If the vaccination strategy presented in this study was followed, the total amount of traditional vaccines against influenza would be reduced by half, which would allow more individuals to be vaccinated in a timely manner. The DNA vaccine is required as a second component with added complexity in this new prime-boost strategy. Although not shown in this report, preclinical studies have suggested that DNA primed antibody responses are usually long-lasting. Taking together, the report supports the idea of a prepandemic vaccination, since various DNA vaccines can easily be mixed together to provide broad coverage against several potential pandemic influenza viruses (even across different subtypes), long before any outbreak. Hosts primed with DNA vaccines are very likely to have reduced morbidity and mortality, even without a boost. This strategy gives public health officials the means needed to decrease the demand of traditional vaccines at the time of an outbreak of pandemic influenza. Moreover, this study1 is a milestone for DNA vaccine development. When used alone in man, DNA vaccines have not been sufficiently immunogenic, even with the use of various molecular adjuvants. By contrast, DNA vaccination is very effective in priming the human immune system to amplify the immune response when followed by a boost vaccination with either protein or viral vector vaccines. Ledgerwood and colleagues went further to show that DNA priming could be more effective than a type of influenza vaccine that has been licensed for human use. More studies are needed to see if doses of DNA and inactivated influenza vaccine can be reduced when such a heterologous prime-boost approach is used. It will also be interesting to compare the present approach with inactivated vaccines formulated with various adjuvants, particular results on the longevity of any recorded protective antibody responses. The results from the present study show that a long resting period between the prime and the boost is needed to achieve high protective antibody responses. Although the resting period between vaccinations is well known to be important in traditional vaccinology, such effect was remarkably clear in the present study.

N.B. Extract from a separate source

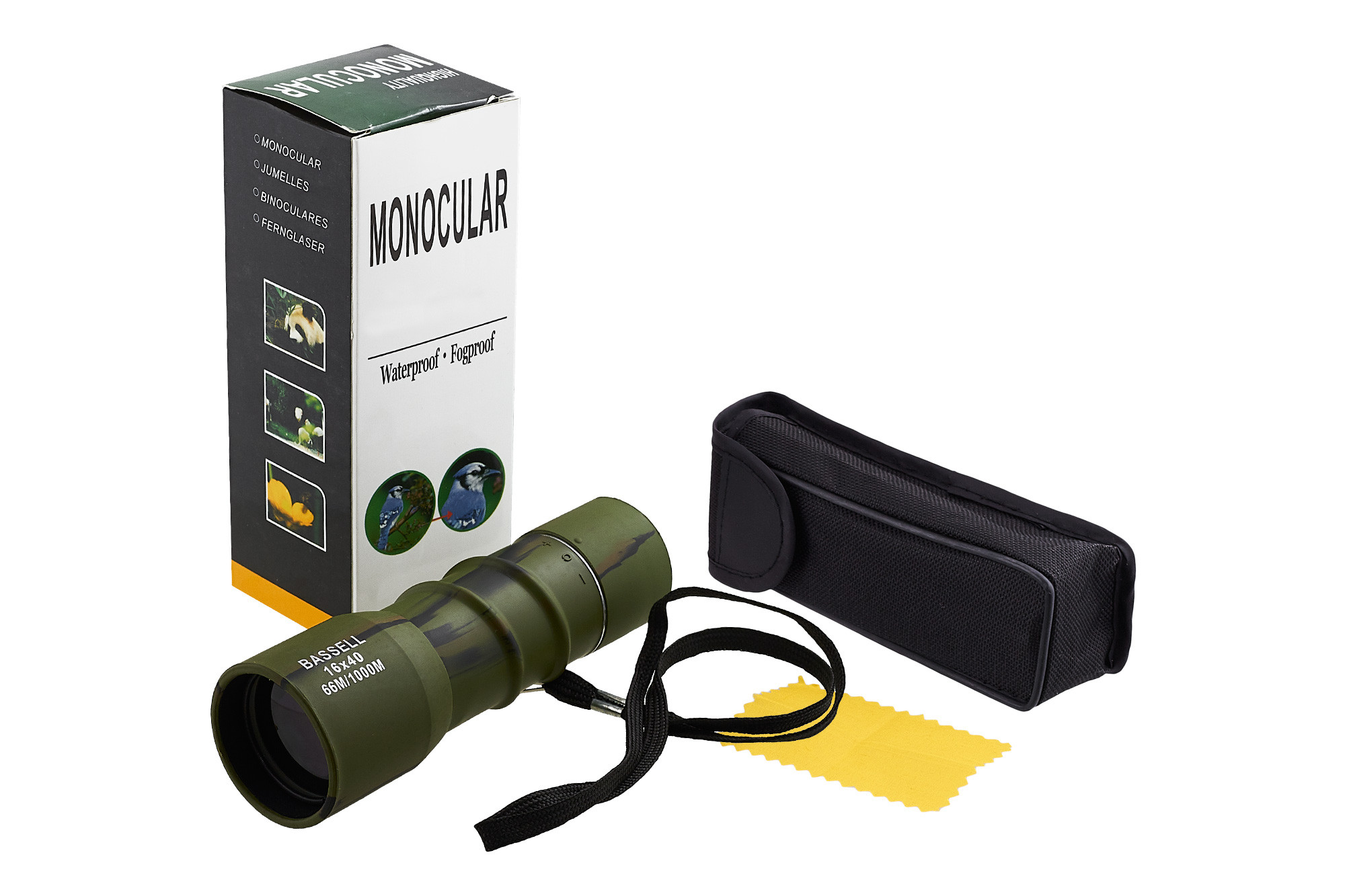 Главное достоинство монокуляра в сравнении с биноклем – его компактность. Модель 16x40 – BASSELL (green) весит всего 190 грамм и, при помощи входящего в комплект чехла, без проблем разместится на поясе. Она не менее легко поместится и в походном рюкзаке или бардачке автомобиля.

This setting will offer a unique model to further dissect the mechanisms behind this phenomenon. By sequentially reducing the time between the prime and boost immunisations, it might be possible to determine whether antibody affinity maturation is implicated if the sequential sequence changes of immunoglobulin genes of protective antibodies are monitored. A well designed clinical study not only answers the clinical question at hand but also provides great insight to human biology. By using two vaccine components instead of one, Ledgerwood and colleagues certainly stimulated our thoughts more than the authors would have initially hoped.